Currently allopatric populations of Golden-winged Warblers only occur in the most extreme northern reaches of the breeding range, as well as at its highest nesting elevations in the Appalachian Mountains (Confer and Knapp 1981; Figure 4).  Genetic purity of these populations has not yet been established, but is currently under investigation (R. Fraser, unpub. data). Even populations that were thought to be “safe havens” are now showing evidence of hybrid or Blue-winged Warbler arrival. For example, a previously allopatric population of Golden-winged Warblers in Ontario saw the first arrival of hybrids and Blue-winged Warblers in the late 1980s. By 2004 17% of the breeding population was made up of hybrid phenotypes (Blue-winged Warbler occurrence remains low at <1%; R. Fraser, unpub, data). In addition, there have already been five reports of Blue-winged Warblers and one hybrid from Saskatchewan (Saskatchewan Bird Atlas Project; J. Keith, pers. comm.), while Manitoba reports only one hybrid sighting to date (a female “Brewster’s Warbler” in 1932; Manitoba Museum - MARC record #2963). One male Blue-winged Warbler was sighted in Manitoba (Manitoba Avian Research Committee; Manitoba Museum); however, this observation took place during the fall and therefore likely represents a disoriented hatch year bird and is not indicative of Blue-winged Warblers expanding their range into Manitoba (K. Hobson, pers. comm.).

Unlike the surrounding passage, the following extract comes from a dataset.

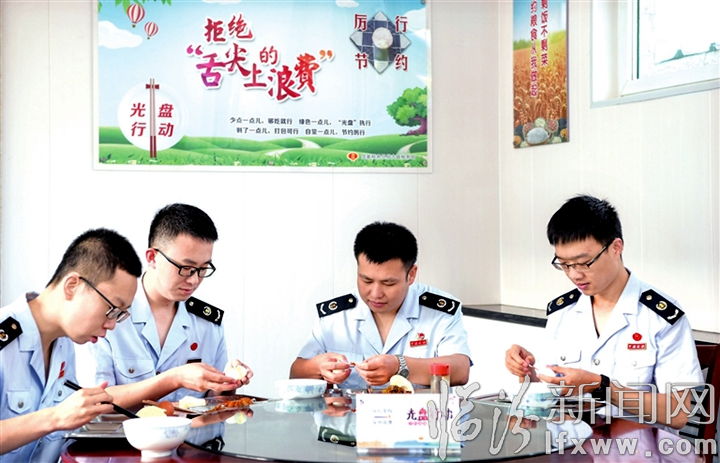 臨汾新聞網訊 8月25日,在國家稅務總局古縣稅務局職工餐廳,干部職工在用餐盤就餐。連日來,該局開展了“文明餐桌、從我做起”主題活動,將傳承傳統美德、勤儉節約、文明用餐、科學飲食四個方面內容納入《機關食堂管理制度》,實行按需采購、合理搭配、文明就餐,讓“光盤”漸成文明新風尚。
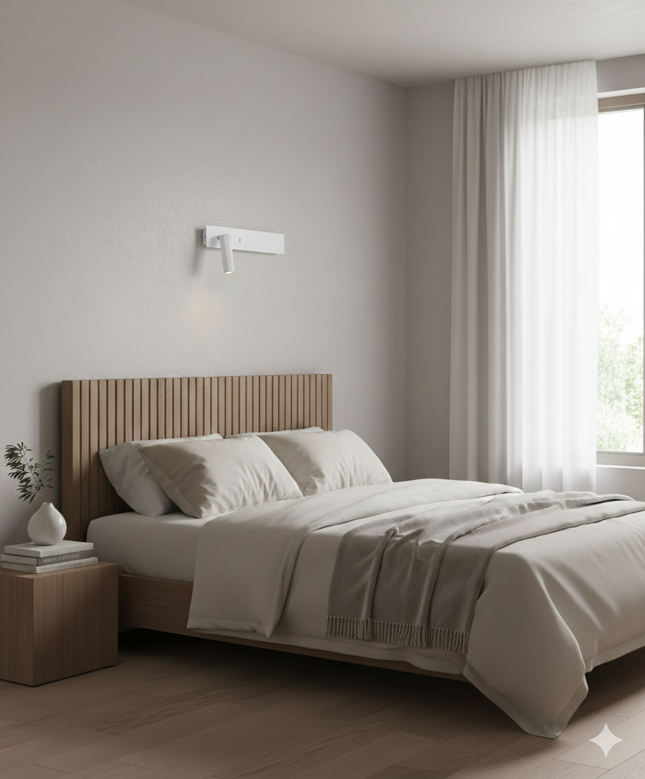 L'applique H52 offre un design flessibile e una mobilità totale, rendendola la soluzione di illuminazione ideale per le camere d'albergo.

If Blue-winged Warbler breeding range advances continue, currently allopatric populations of Golden-winged Warblers can be expected to come into contact with Blue-winged Warblers in the near future making extirpation via hybridization and competition more likely, but not a certainty, as the Sterling Forest site in New York demonstrates.

Adaptability

Currently there are no studies on the adaptability of this species directly. Because of the ephemeral nature of early successional scrub environments this species uses on the breeding ground, it presumably deals well with reestablishment of breeding populations in suitable habitat (NatureServe 2004) when others have grown to a stage where they are no longer of use. Indeed, the species has been known to move into areas that have been recently logged, or burned, and they readily move into areas that are intermittently farmed (Klaus and Buehler 2001). Edge creation experiments carried out since 1997 near Elgin, Ontario have documented that the species will move into an area of suitable habitat within three years of its creation (R. Fraser, unpub. data).